Since there isn't a single English (English learners generally get informed about the choice of UK vs US English only, but most English is spoken outside of UK and USA in other places and other dialects), but multiple different Englishes, any English speaker will probably find something to be surprised by, and there is an economic incentive to get data from people other than the relatively expensive native speakers of UK or USA English.

2 comments

There wasn't a study or analysis. It was just lazy speculation that felt good because it could be bound up in a "evil white countries exploiting the developing world" narrative. Where exploiting was "paying to do a job".

It was submitted as https://news.ycombinator.com/item?id=40623629

Again, there is effectively zero real data showing this. Further, RLHF isn't likely to reinforce such word selection regardless.

A more logical, likely scenario is that training data is biased heavily towards higher grade level material, so word selection veers towards writings that you find in those realms.

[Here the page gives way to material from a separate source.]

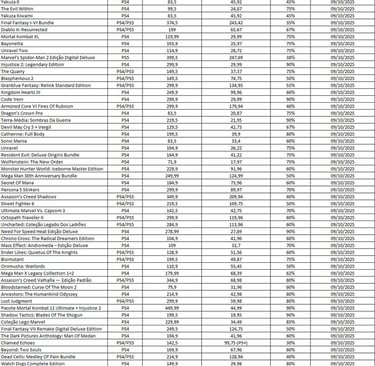 E mais abaixo, você encontra uma lista completa com MAIS DE 150 jogos, todos separados por console, preço promocional e desconto. É só escolher seus favoritos e aproveitar!

> It was just lazy speculation that felt good because it could be bound up in a "evil white countries exploiting the developing world" narrative. Where exploiting was "paying to do a job".

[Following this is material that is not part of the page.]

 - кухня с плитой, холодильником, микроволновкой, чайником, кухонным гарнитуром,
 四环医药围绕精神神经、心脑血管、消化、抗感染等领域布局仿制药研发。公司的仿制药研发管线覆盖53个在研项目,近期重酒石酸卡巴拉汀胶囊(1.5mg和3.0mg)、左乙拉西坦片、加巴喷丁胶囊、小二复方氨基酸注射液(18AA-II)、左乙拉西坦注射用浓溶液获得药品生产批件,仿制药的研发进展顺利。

Exploitation like that is in fact happening (see pretty much everything having to do with social media content moderation and RLHF to avoid disturbing content.

Also "paying to do a job" is not the moral panacea you seem to think it is.

tinfoil had theory: they implanted watermarks already, so that AI generated text can be flagged for future training runs or as a service, such that some phrases are coaxed to become statistical beacons.
That's not really a tinfoil hat theory. That's been possible for some years and OpenAI reportedly does watermark their outputs, and can detect it. They just haven't released it as a service because it'd annoy all the users who are using it for cheating :)
I believe that if that was possible to do on purpose, they wouldn’t have so much trouble preventing the LLMs from talking about things they shouldn’t.
Yeah I would like to see some evidence of this too. It's just asserted as truth in the article. Delve doesn't seem like a particularly unusual word to me, especially in the context of scientific abstracts, and LLMs could totally learn random weird things. How common is "it's important to remember" in Nigeria?
Wait, why wouldn’t RLHF influence word choices?
I didn't say it wouldn't (or rather couldn't), I said it was unlikely for the selected hypothesis given standard training data vs RLHF iterations.
then again, most history consists of whitewashing back when northern countries were exploiting everywhere else in various ways: imperialism, colonialism, neocolonialism, capitalism, financialization,...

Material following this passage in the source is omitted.